Part 2 – Chapter 8 of the Introduction to the Devout Life by St. Francis de Sales
This is a Discerning Hearts recording read by Correy Webb
PART 2 – CHAPTER VIII. OF THE CONSIDERATIONS, WHICH ARE THE SECOND PART OF THE MEDITATION
ABOVE all things, Philothea, when you quit your meditation, bear in mind the resolutions and intentions which you have formed, in order to practise them carefully during the day. This is the great fruit of meditation, without which oftentimes it is not only useless, but hurtful, because virtues meditated upon and not practised, sometimes puff up the spirit and the heart, making us think that we are such as we have resolved and determined to be, which doubtless is true if the resolutions are vigorous and solid; but they are not such, nay, rather vain and dangerous, if they be not put into practice. We must, therefore, by all means try to practise them, and to avail ourselves of the occasions, be they small or great, of putting them into practice.
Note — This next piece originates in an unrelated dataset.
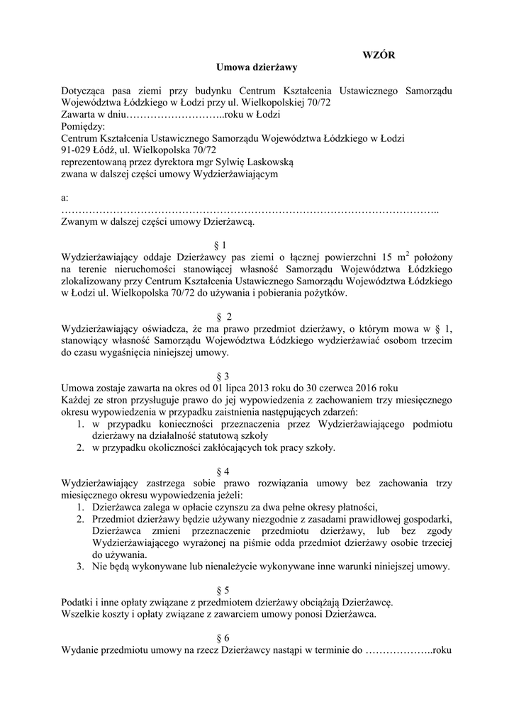 WZÓR Umowa dzierżawy Dotycząca pasa ziemi przy budynku Centrum Kształcenia Ustawicznego Samorządu Województwa Łódzkiego w Łodzi przy ul. Wielkopolskiej 70/72 Zawarta w dniu………………………..roku w Łodzi Pomiędzy: Centrum Kształcenia Ustawicznego Samorządu Województwa Łódzkiego w Łodzi 91-029 Łódź, ul. Wielkopolska 70/72 reprezentowaną przez dyrektora mgr Sylwię Laskowską zwana w dalszej części umowy Wydzierżawiającym a: ……………………………………………………………………………………………….. Zwanym w dalszej części umowy Dzierżawcą. §1 Wydzierżawiający oddaje Dzierżawcy pas ziemi o łącznej powierzchni 15 m 2 położony na terenie nieruchomości stanowiącej własność Samorządu Województwa Łódzkiego zlokalizowany przy Centrum Kształcenia Ustawicznego Samorządu Województwa Łódzkiego w Łodzi ul. Wielkopolska 70/72 do używania i pobierania pożytków. § 2 Wydzierżawiający oświadcza, że ma prawo przedmiot dzierżawy, o którym mowa w § 1, stanowiący własność Samorządu Województwa Łódzkiego wydzierżawiać osobom trzecim do czasu wygaśnięcia niniejszej umowy. §3 Umowa zostaje zawarta na okres od 01 lipca 2013 roku do 30 czerwca 2016 roku Każdej ze stron przysługuje prawo do jej wypowiedzenia z zachowaniem trzy miesięcznego okresu wypowiedzenia w przypadku zaistnienia następujących zdarzeń: 1. w przypadku konieczności przeznaczenia przez Wydzierżawiającego podmiotu dzierżawy na działalność statutową szkoły 2. w przypadku okoliczności zakłócających tok pracy szkoły. §4 Wydzierżawiający zastrzega sobie prawo rozwiązania umowy bez zachowania trzy miesięcznego okresu wypowiedzenia jeżeli: 1. Dzierżawca zalega w opłacie czynszu za dwa pełne okresy płatności, 2. Przedmiot dzierżawy będzie używany niezgodnie z zasadami prawidłowej gospodarki, Dzierżawca zmieni przeznaczenie przedmiotu dzierżawy, lub bez zgody Wydzierżawiającego wyrażonej na piśmie odda przedmiot dzierżawy osobie trzeciej do używania. 3. Nie będą wykonywane lub nienależycie wykonywane inne warunki niniejszej umowy. §5 Podatki i inne opłaty związane z przedmiotem dzierżawy obciążają Dzierżawcę. Wszelkie koszty i opłaty związane z zawarciem umowy ponosi Dzierżawca. §6 Wydanie przedmiotu umowy na rzecz Dzierżawcy nastąpi w terminie do ………………..roku §7 Dzierżawca, bez uprzedniej zgody Wydzierżawiającego wyrażonej na piśmie, nie może oddać przedmiotu dzierżawy innej osobie do używania ani go poddzierżawiać. §8 Po wygaśnięciu niniejszej umowy Dzierżawca zobowiązany jest niezwłocznie zwrócić przedmiot dzierżawy Wydzierżawiającemu w stanie nie pogorszonym z uwzględnieniem normalnego stopnia zużycia wynikającego z zasad prawidłowej gospodarki. §9 1. Strony ustalają czynsz dzierżawny w wysokości ……………..………….. zł brutto, słownie:……………………………………………………………………….. złotych 2. Czynsz dzierżawny jest płatny z góry do 10 dnia każdego miesiąca na rachunek bankowy Wydzierżawiającego w Banku PKO S.A. Łódź 63 1240 3419 1111 0010 4108 7986 Wydzierżawiający może podnieść wysokość czynszu dzierżawnego na dany rok kalendarzowy za pisemnym wypowiedzeniem, nie częściej jednak niż raz w roku i nie więcej niż wynosi wskaźnik wzrostu cen i usług za poprzedni rok kalendarzowy, podawany przez Główny Urząd Statystyczny. § 10 Dzierżawca wpłaci Wydzierżawiającemu kaucję (bez podatku Vat) na rachunek bankowy w Banku PKO S.A. Łódź Banku Pekao S.A. 73 1240 3419 1111 0010 4174 5466 w wysokości trzy krotnego czynszu tj. …………..…………………………….. zł słownie ……………………………………………………………………………..złotych Celem kaucji jest zabezpieczenie zapłaty należności, o których mowa w § 9 niniejszej umowy. Kwota zabezpieczenia podlega zwrotowi wraz z oprocentowaniem określonym poprzez zastosowanie stopy procentowej równej połowi stopy redyskonta weksli, stosowanej przez Narodowy Bank Polski z dnia wymagalności tej kwoty. § 11 Wszelkie zmiany umowy wymagają dla swej ważności formy pisemnej w postaci aneksu. Spory mogące wyniknąć w związku z realizacją niniejszej umowy rozstrzygać będzie sąd właściwy dla miejsca położenia dzierżawionej nieruchomości. § 12 W sprawach nieuregulowanych postanowieniami niniejszej umowy zastosowanie mają przepisy Kodeksu Cywilnego. § 13 Umowę sporządzono w dwóch jednobrzmiących egzemplarzach, po jednym dla każdej ze stron. ........................................ Wydzierżawiający ....................................... Dzierżawca

For example, if I have resolved to win by gentleness the hearts of those who offend me, I will seek that very day an opportunity of meeting them in order to greet them amicably; if I fail to meet them, I will at least try to speak well of them and pray to God on their behalf.
When you have finished this prayer of the heart, you must take care not to give any jolt to your heart, lest you spill the balm which you have received by means of your prayer; I mean by this, that you must keep silence for a little while, if possible, and move your heart quite gently from your prayer to your occupations, retaining, for as long a time as you can, the feelings and the affections which you have conceived. A man who receives some precious liquor in a beautiful porcelain vase to carry home with him walks carefully, not looking from one side to the other, but sometimes straight before him, for fear of stumbling over a stone or of making a false step, sometimes at his vase to see if it be well balanced.
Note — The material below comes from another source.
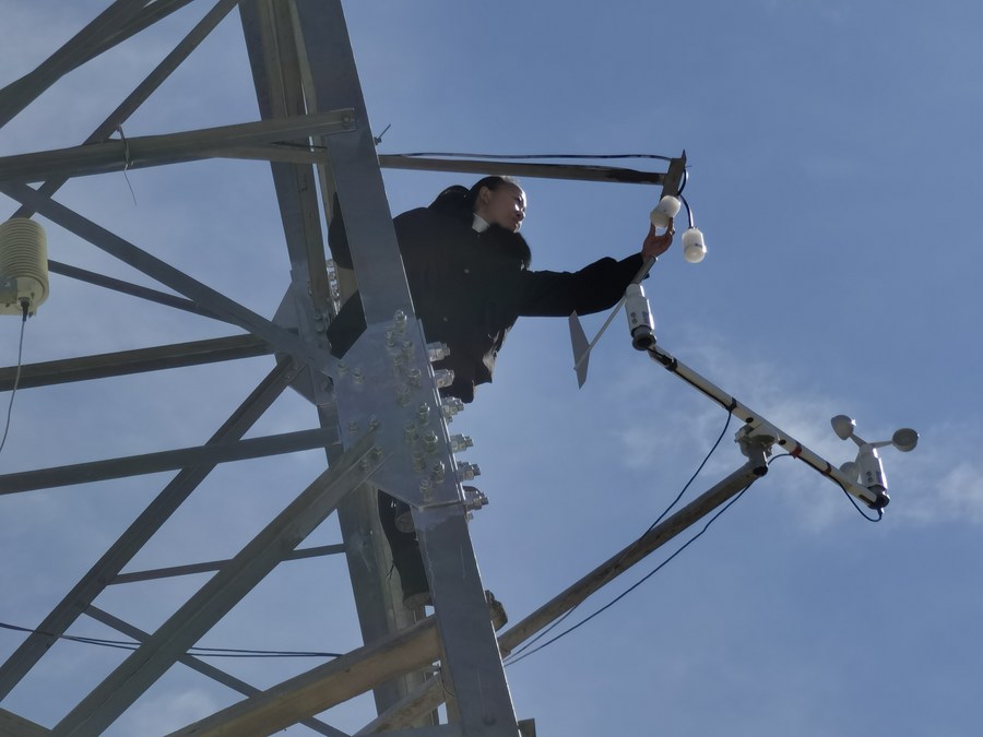 Staff member Peng Xiaoqing works at Shangri-La National Atmospheric Background Station in the Deqen Tibetan Autonomous Prefecture of southwest China's Yunnan Province, March 9, 2023. (Xinhua/Wang Changshan)

You must act in like manner when you have finished your meditation: do not withdraw your thoughts from it all at once, but look only before you. For example, if you must meet someone, to whom you are obliged to speak, or listen, you cannot help it and you must put up with it, but in such a way that you are mindful also of your heart, so that the cordial of holy prayer may be spilt as little as possible. You must even accustom yourself to know how to pass from prayer to all sorts of actions which your vocation and profession justly and lawfully requires of you, though they seem very far removed from the affections which you have received in prayer. I mean that the advocate must learn to pass from prayer to pleading; the merchant to business; the married woman to the duties of her state and to the cares of her household, with so much gentleness and tranquillity that the spirit be not disturbed thereby; for, since both are according to the will of God, we must make the passage from the one to the other in a spirit of humility and devotion.
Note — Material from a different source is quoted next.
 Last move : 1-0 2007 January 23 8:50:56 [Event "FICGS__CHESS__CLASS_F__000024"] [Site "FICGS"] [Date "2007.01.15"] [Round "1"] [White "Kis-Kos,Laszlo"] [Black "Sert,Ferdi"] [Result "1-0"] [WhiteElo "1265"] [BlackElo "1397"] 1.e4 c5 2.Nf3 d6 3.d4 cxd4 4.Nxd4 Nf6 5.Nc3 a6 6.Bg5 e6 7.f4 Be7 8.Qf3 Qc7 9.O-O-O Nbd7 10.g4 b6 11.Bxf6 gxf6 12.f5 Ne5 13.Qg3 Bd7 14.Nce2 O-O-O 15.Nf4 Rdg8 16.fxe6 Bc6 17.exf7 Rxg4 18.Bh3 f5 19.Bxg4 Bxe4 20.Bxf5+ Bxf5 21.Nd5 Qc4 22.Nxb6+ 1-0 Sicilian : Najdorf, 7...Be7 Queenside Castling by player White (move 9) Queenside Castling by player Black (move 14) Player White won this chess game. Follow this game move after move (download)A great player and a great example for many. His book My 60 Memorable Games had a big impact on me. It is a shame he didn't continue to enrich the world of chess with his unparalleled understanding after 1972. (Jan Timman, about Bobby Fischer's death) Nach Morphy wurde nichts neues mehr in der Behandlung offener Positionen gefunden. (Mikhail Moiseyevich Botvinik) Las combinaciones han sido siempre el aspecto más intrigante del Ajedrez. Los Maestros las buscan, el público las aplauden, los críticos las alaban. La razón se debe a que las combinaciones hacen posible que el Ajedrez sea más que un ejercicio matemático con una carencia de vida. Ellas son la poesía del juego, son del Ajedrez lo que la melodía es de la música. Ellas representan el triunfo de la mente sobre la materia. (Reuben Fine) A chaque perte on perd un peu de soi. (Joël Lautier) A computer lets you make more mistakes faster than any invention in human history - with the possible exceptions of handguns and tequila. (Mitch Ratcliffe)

It may happen to you sometimes that immediately after the preparation you will find your affection stirred up towards God: then, Philothea, you must give it the reins, without trying to follow the method which I have given you; for although ordinarily the consideration ought to precede the affections and resolutions, yet if the Holy Spirit give you the affections before the consideration, you should not make the consideration, since it is only made in order to stir up the affections. In a word, whensoever the affections present themselves to you, you must receive them and make room for them, whether they come before or after all the considerations. And although I have placed the affections after all the considerations, I have only done so the better to distinguish the different parts of prayer; for at the same time it is a general rule that one must never restrain the affections, but always allow them free play when they present themselves. And this I say not only with regard to the other affections, but also with regard to the thanksgiving, the oblation, and the petitions, all of which may be made among the considerations; for they must not be restrained any more than the other affections, even though afterwards, in order to bring the meditation to a conclusion, it may be necessary to repeat and resume them. But as to the resolutions, they should be made after the affections, and at the end of the whole meditation, before the conclusion, because, as they represent to us particular and familiar objects, if we were to make them among the affections, they might be a cause of distraction to us. Among the affections and resolutions it is good to make use of colloquies, and to speak sometimes to our Lord, sometimes to the Angels, and to the persons represented in the mysteries, to the Saints and to oneself, to one’s own heart, to sinners, and even to inanimate creatures, as we see that David does in his psalms, and the other Saints in their meditations and prayers.